_Problem description_.
Please write out only the lines from the line with "抓教学质量校长讲话:这6项教" to the line with "森脇章彦先生によるポートレー", inclusive, exactly as they stand below, without the pictures.

_Given data_.
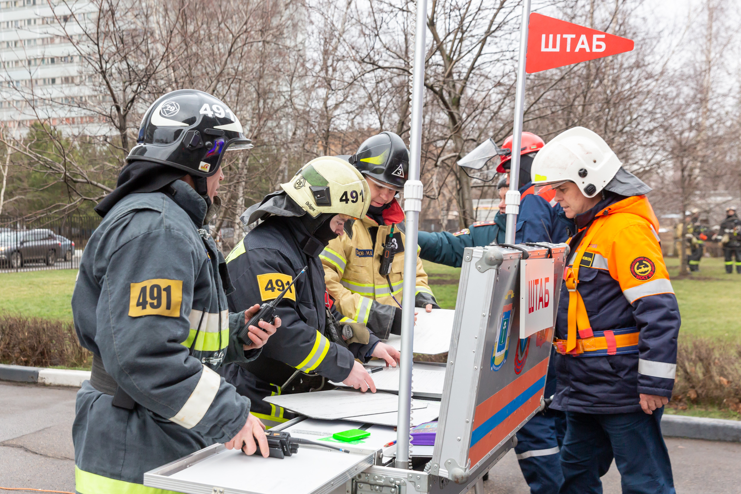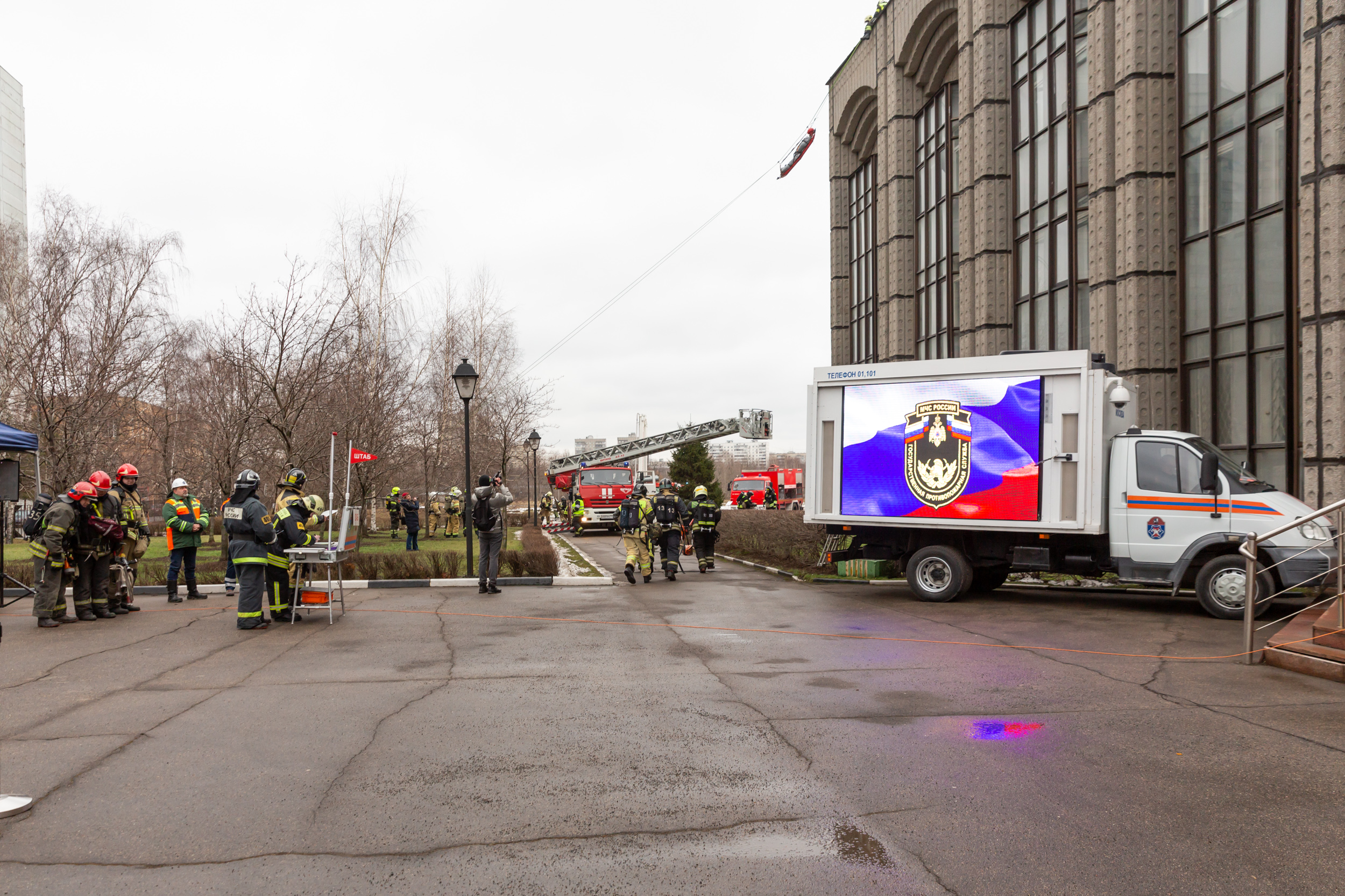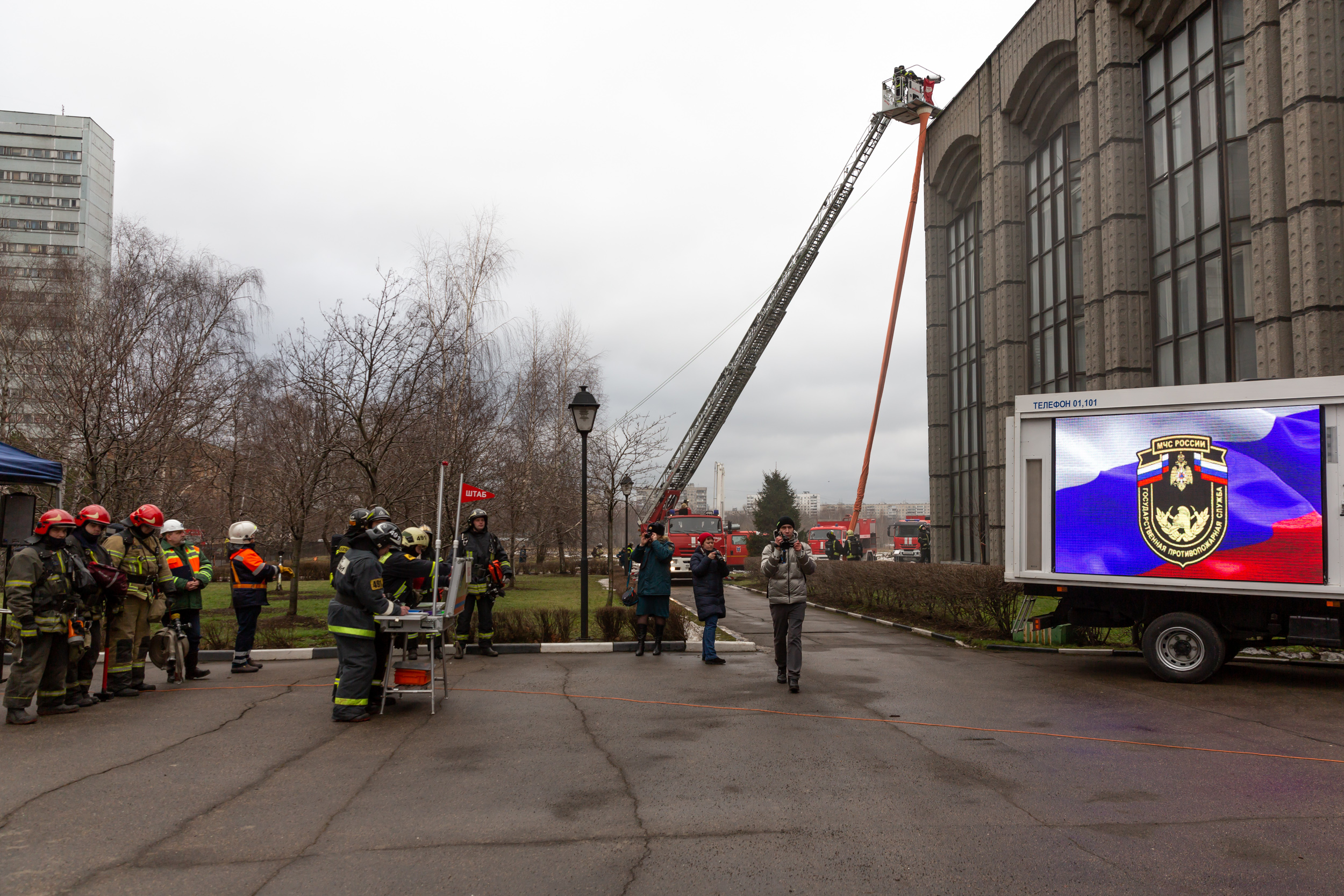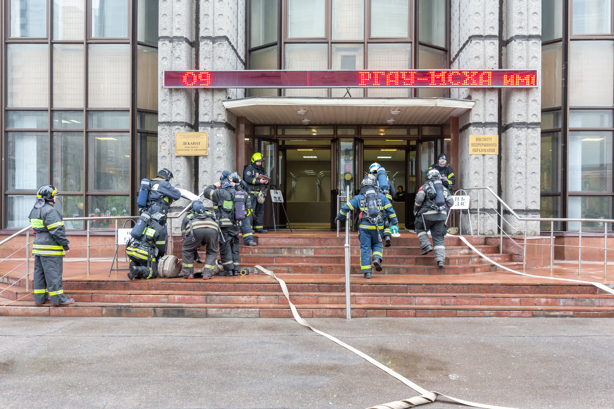 В соответствии с планом проводимых учений, уже через 6 минут на пожар прибыли службы экстренного реагирования города, что позволило в считанные минуты развернуть борьбу с учебным пожаром. Оперативно для поиска и спасения людей в задымленное помещение были направлены звенья газодымозащитной службы, во дворе учебного корпуса былы проведены боевые развертывания сил и средств Московской городской системы предупреждения и ликвидации чрезвычайных ситуаций (МГСЧС).
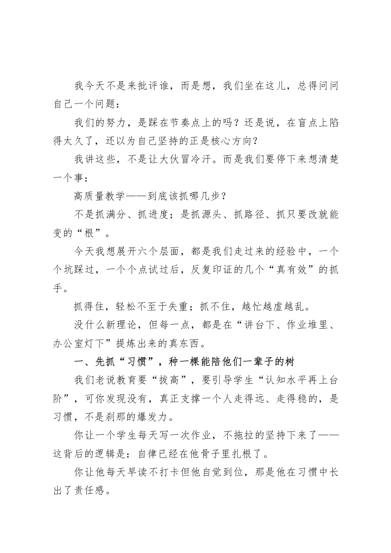抓教学质量校长讲话:这6项教学细节不上紧,全年质量抓得再死也白搭!各位老师,大家上午好。今天这个会,我想一开场就不讲铺垫了,直接说一个我们都清楚但常常不敢细想的问题:我们到底为什么这么忙?是的,确实忙。谁不忙呢?我从早上六点半到办公室锁门的教室开始数,晚自习查课的时候还有老师在讲投影;我看到无数个后备箱打开就是板书模板、A4资料、滚筒打印纸;我也知道有的老师一边发烧一边站着讲完了一节复习课。但这么辛苦,成绩上涨了吗?学生有质的提升了吗?口碑呈阶梯式上升了吗?说句难听的,我们有时候团团转,忙得脚步不沾地、脑袋更是空转三圈,但回头一看一一好像也不见得前面的那扇门打开了。为啥?不是我们不努力,而是我们容易掉入“努力得很用力,但方向跑偏”的怪圈。其实这几年我们特别热衷于努力:新练习册、新评价体系、新课改概念、新技术工具…但真正落到课堂时候,你想让学生提笔写,老师有信心改,家长愿意陪,整个闭环跑通一一比登天还难。
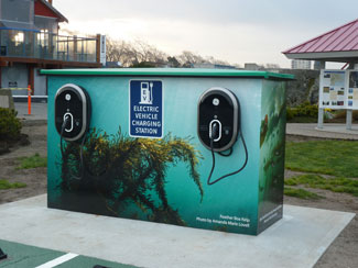 One of Victoria's newest electric vehicle charging station was installed at Ogden Point in James Bay this spring. This brings the total in the city to 11 and counting! For other charging station locations see the city website.
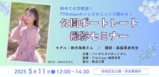 森脇章彦先生によるポートレート撮影セミナー(5/11開催)が、このたび無料イベントとなりました!開催場所は、昭和記念公園。美しい花々を背景に、モデルのポートレート撮影を楽しみませんか?そして、TTArtisanの協賛により、最近力を入れているオートフォーカスレンズを中心に、様々な明るい単焦点レンズを多数無料にてお試しいただけます。普段なかなか試す機会がないレンズも揃いますので、ぜひこの機会に新たな写りを体験してみてください。ご参加の皆さまにはできるだけTTArtisan製レンズをお使いいただけると嬉しいです!
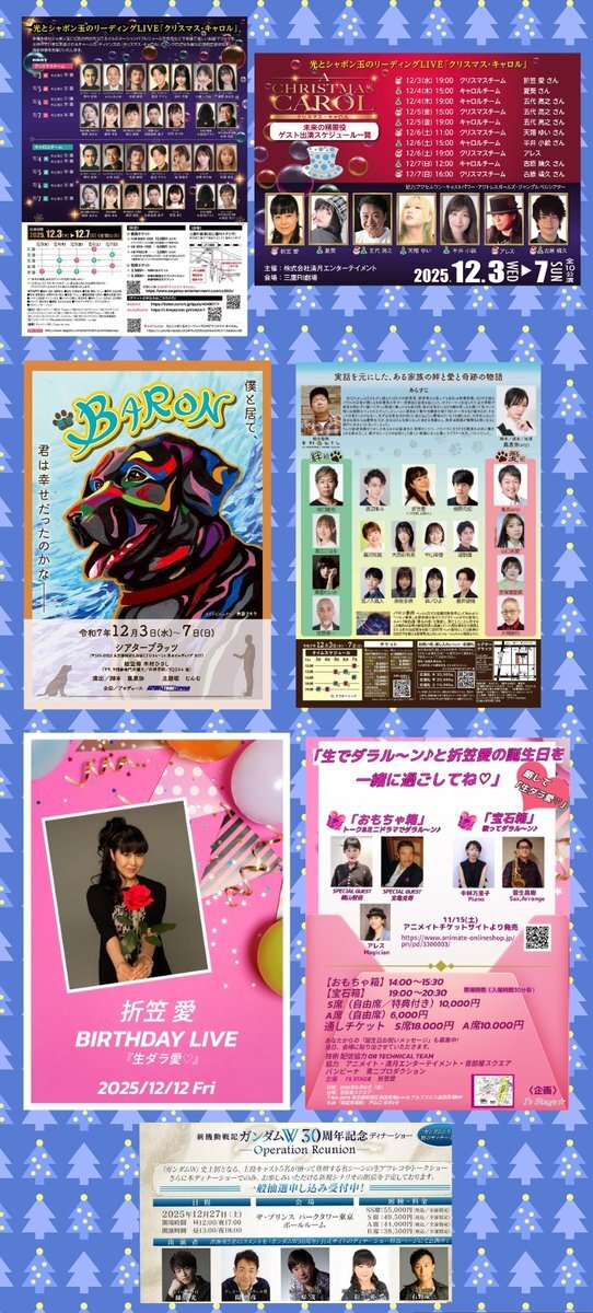 皆さま♡ 12月のご予定は決まりましたか? 私 4つのステージに出演します!是非✨4色の折笠愛を観に来てください🥰 ⭐『クリスマスキャロル』 12/3(水) 19時 ⭐『BARON』   12/4〜7 ⭐『Birthday LIVE』 12/12 2ステージ ⭐『ガンダムW   ディナーショー』 12/27 2ステージ
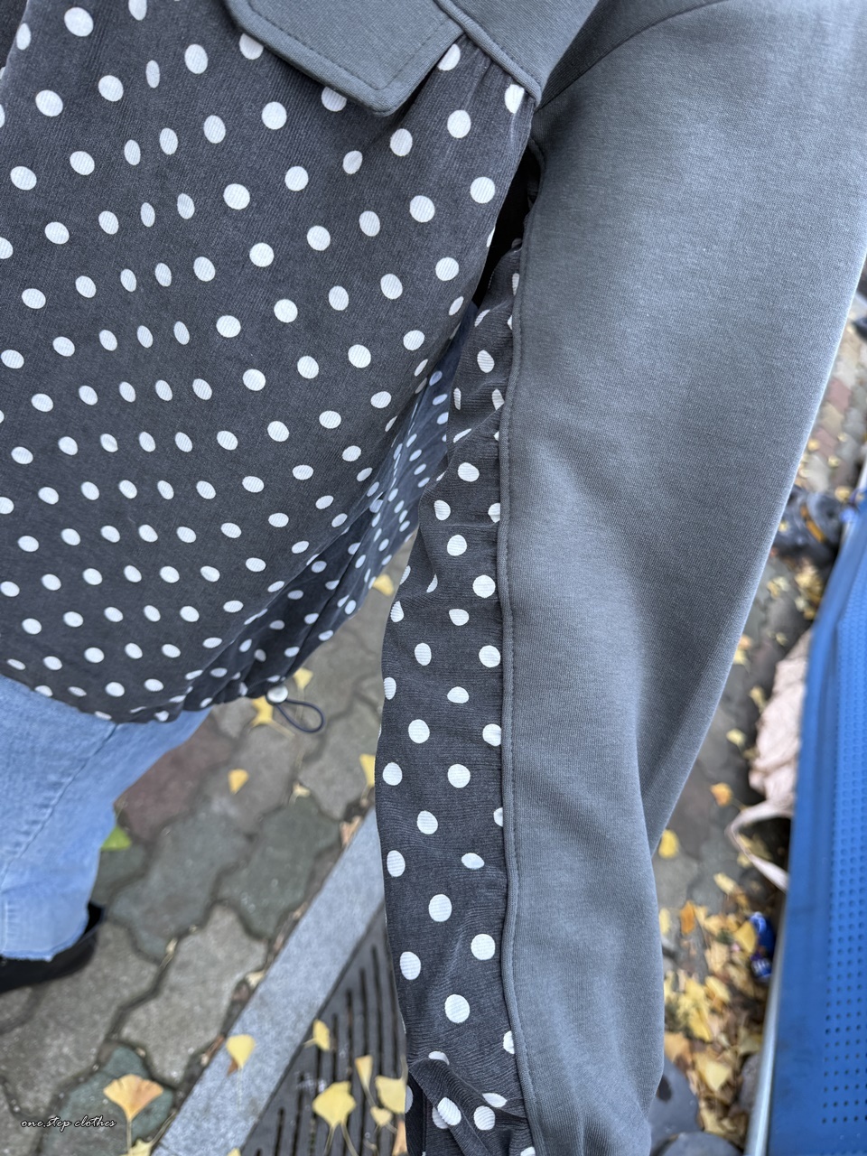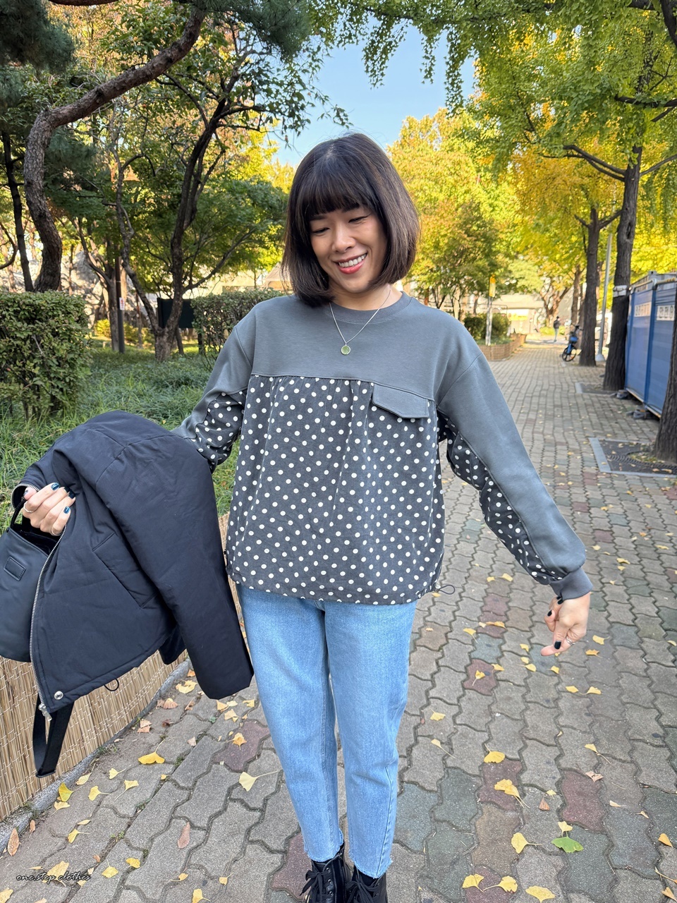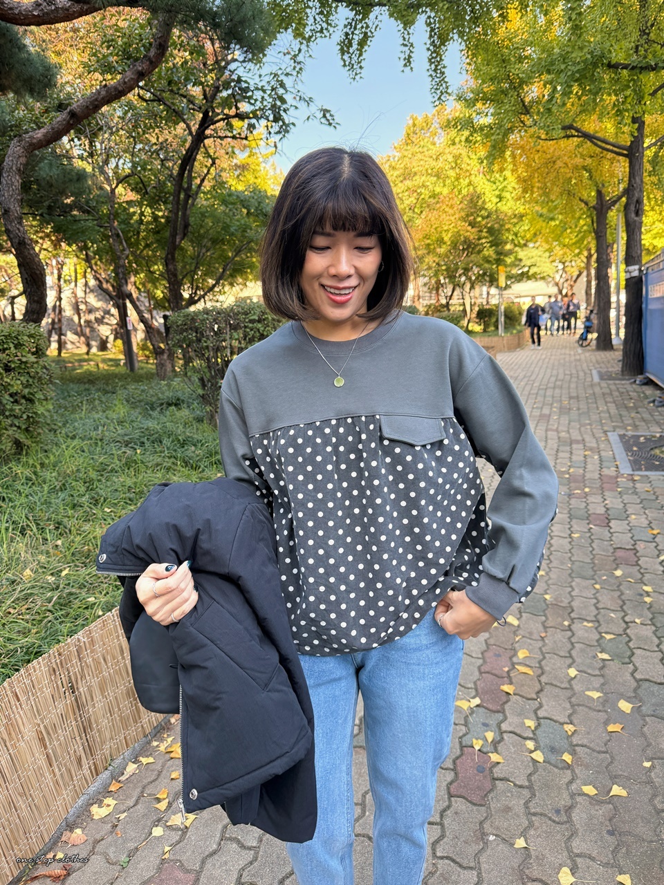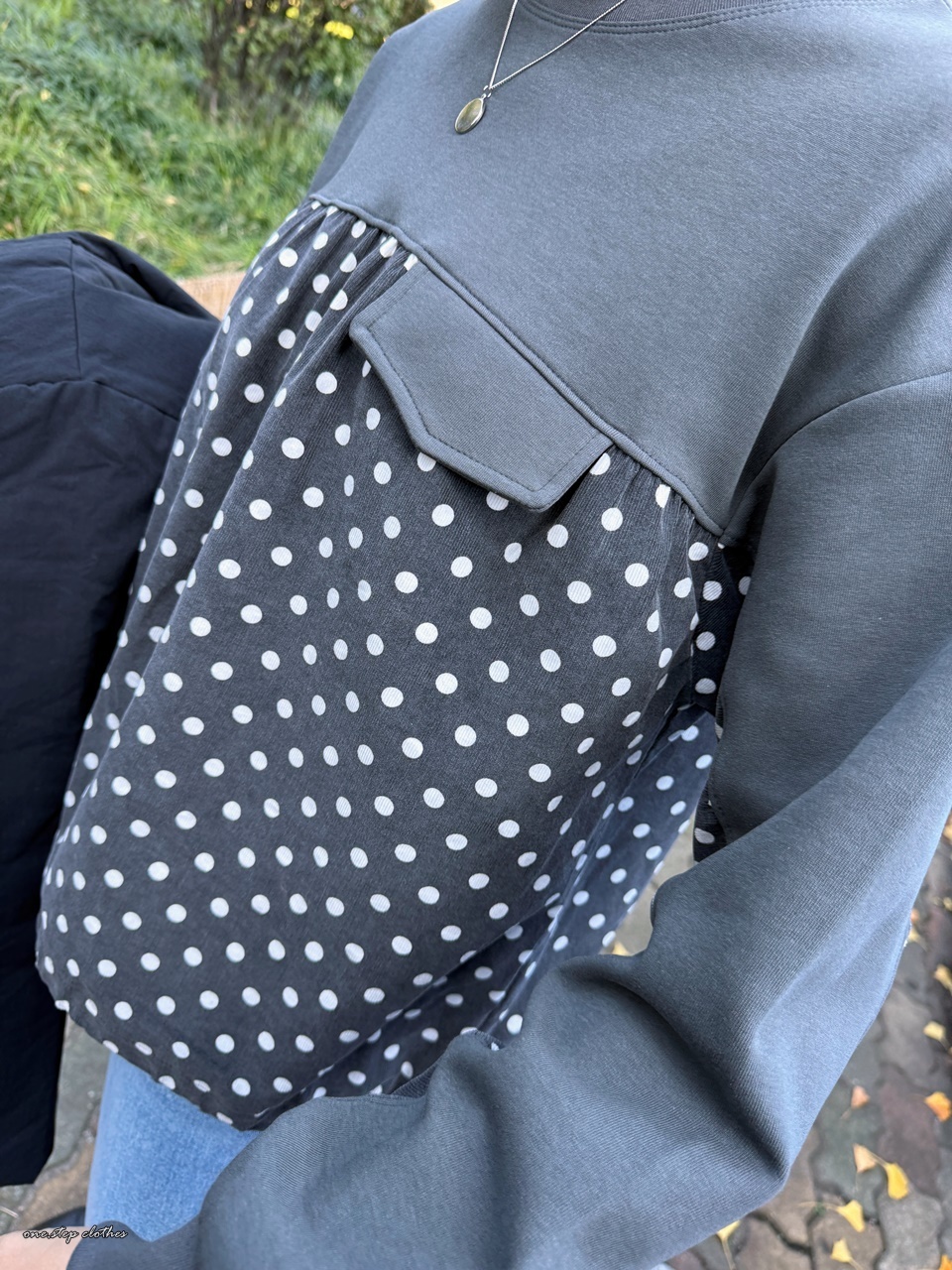 正韓俏皮燈心絨點點拼接上衣 (灰)
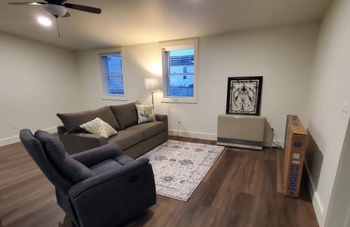 Brand new large, fully furnished 1 bedroom unit. Private porch and entry way. Eat in kitchen with granite counters and new 4 piece stainless kitchen suite. Large pantry (or storage area). Full tub/shower. Washer dryer in unit. Newly paved private driveway. Walk in closet. Insulated very well & energy efficient appliances. Pull out couch for guests. Utilities included. No pets. No smoking.

_Response to this task_.
抓教学质量校长讲话:这6项教学细节不上紧,全年质量抓得再死也白搭!各位老师,大家上午好。今天这个会,我想一开场就不讲铺垫了,直接说一个我们都清楚但常常不敢细想的问题:我们到底为什么这么忙?是的,确实忙。谁不忙呢?我从早上六点半到办公室锁门的教室开始数,晚自习查课的时候还有老师在讲投影;我看到无数个后备箱打开就是板书模板、A4资料、滚筒打印纸;我也知道有的老师一边发烧一边站着讲完了一节复习课。但这么辛苦,成绩上涨了吗?学生有质的提升了吗?口碑呈阶梯式上升了吗?说句难听的,我们有时候团团转,忙得脚步不沾地、脑袋更是空转三圈,但回头一看一一好像也不见得前面的那扇门打开了。为啥?不是我们不努力,而是我们容易掉入“努力得很用力,但方向跑偏”的怪圈。其实这几年我们特别热衷于努力:新练习册、新评价体系、新课改概念、新技术工具…但真正落到课堂时候,你想让学生提笔写,老师有信心改,家长愿意陪,整个闭环跑通一一比登天还难。
 One of Victoria's newest electric vehicle charging station was installed at Ogden Point in James Bay this spring. This brings the total in the city to 11 and counting! For other charging station locations see the city website.
 森脇章彦先生によるポートレート撮影セミナー(5/11開催)が、このたび無料イベントとなりました!開催場所は、昭和記念公園。美しい花々を背景に、モデルのポートレート撮影を楽しみませんか?そして、TTArtisanの協賛により、最近力を入れているオートフォーカスレンズを中心に、様々な明るい単焦点レンズを多数無料にてお試しいただけます。普段なかなか試す機会がないレンズも揃いますので、ぜひこの機会に新たな写りを体験してみてください。ご参加の皆さまにはできるだけTTArtisan製レンズをお使いいただけると嬉しいです!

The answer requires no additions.